How GitHub handles Git LFS - Scott Berrevoets

Snapshot tests have become an increasingly popular tool for mobile teams to verify UI changes, but one question all teams run into is: where do we store hundreds if not thousands of PNG files? Git Large File Storage (LFS) is one of the more common ways to do this for various reasons¹.

At Speak we recently went down this same path and in doing so learned a few things about how Git LFS works and how GitHub handles it. Initially we just learned the basic premise: instead of checking in a file, check in a small human-readable pointer file that identifies the large file:

version https://git-lfs.github.com/spec/v1
oid sha256:907b5c652cce59e009e3c7fb2dc92d3bf598251315bed741aee037f2046bd32e
size 251222

The oid is an object ID for the file that's fetched from the configured LFS server. Use git lfs track ./Snapshots/*.png to specify snapshots should be stored in LFS and then commit .gitattributes to preserve that setting.

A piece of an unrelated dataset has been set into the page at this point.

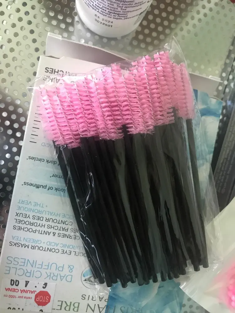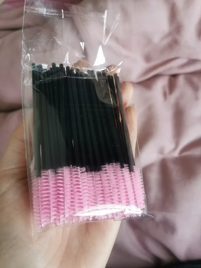 Набор щеточек-аппликаторов для нанесения туши на брови и ресницы, 50 шт, возможные цвета: черный синий, желтый розовый.
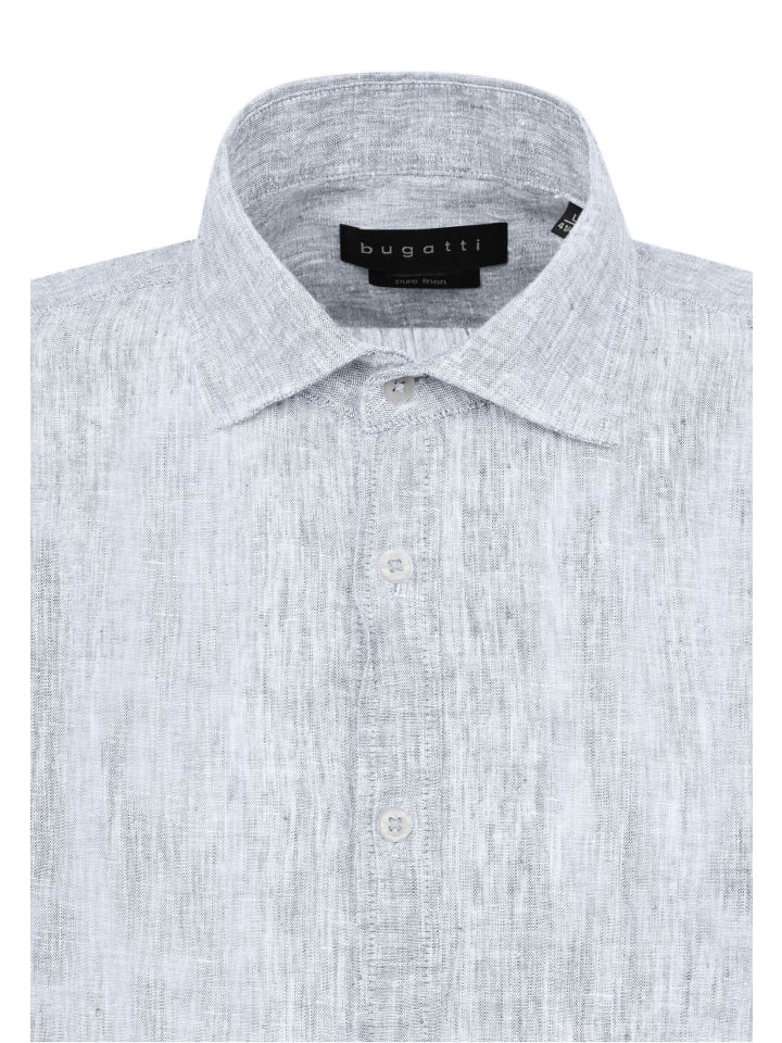 Рубашка Bugatti из 100-процентного льна обеспечивает оптимальный комфорт в теплые дни. Классический воротник «Кент» и квадратные манжеты с двумя пуговицами сочетают в себе элегантность и функциональность. «Современный крой» и сдержанный флажок на боковом шве подчеркивают изысканный стиль этой повседневной рубашки. - Изготовлено из чистого льна

But soon we started getting warnings from GitHub that we were exceeding our Git LFS budget. In investigating, we learned five more things that formed our mental model around how to think about Git LFS when using GitHub:

GitHub charges for storage and bandwidth: similar to S3, both storage and bandwidth cost money. Our snapshots don't take up too much storage but CI clones the iOS and Android repos for every build, which is when all PNGs are downloaded, incurring bandwidth usage.
You can skip downloading certain LFS objects to avoid bandwidth usage: to avoid this, Git LFS offers a clone option to avoid downloading large files when they aren't needed through git clone --config lfs.fetchexclude="./Snapshots/*.png". This saves bandwidth, clone time, and local storage. git lfs pull --include="./Snapshots/*.png" lets you redownload them.
Removing a tracked file only removes it from git, not from storage: removing the pointer files that get checked in and committing that change does nothing to the actual object in storage. Removing the file from git leaves a dangling object that still takes up storage space.
Fully removing references requires rewriting history: removing a file from git isn't sufficient because older commits may still refer to an LFS file and fail future clones. Fully purging it requires rewriting the git history using git filter-repo, which is obviously not ideal but arguably still better than irreversibly not being able to check out certain commits in the repo ever again.
Rewriting history doesn't delete the file from storage: even after all references to a file are deleted, the LFS object itself still needs to be deleted as well for storage to be freed up. The only way to do this other than to contact support, is to delete the repo (and all its associated data) and recreate it.

All of these details make it clear that Git LFS isn't a regular git repository that handles large files better; there's a sophisticated cloud storage layer behind it that needs the same considerations that more mainstream cloud storage does. Although git does the version control of those files, it doesn't touch the raw objects itself.

Checking in large binary files that change regularly causes repo bloat, and cloud storage solutions like S3 or GCS make for a more complicated setup. ↩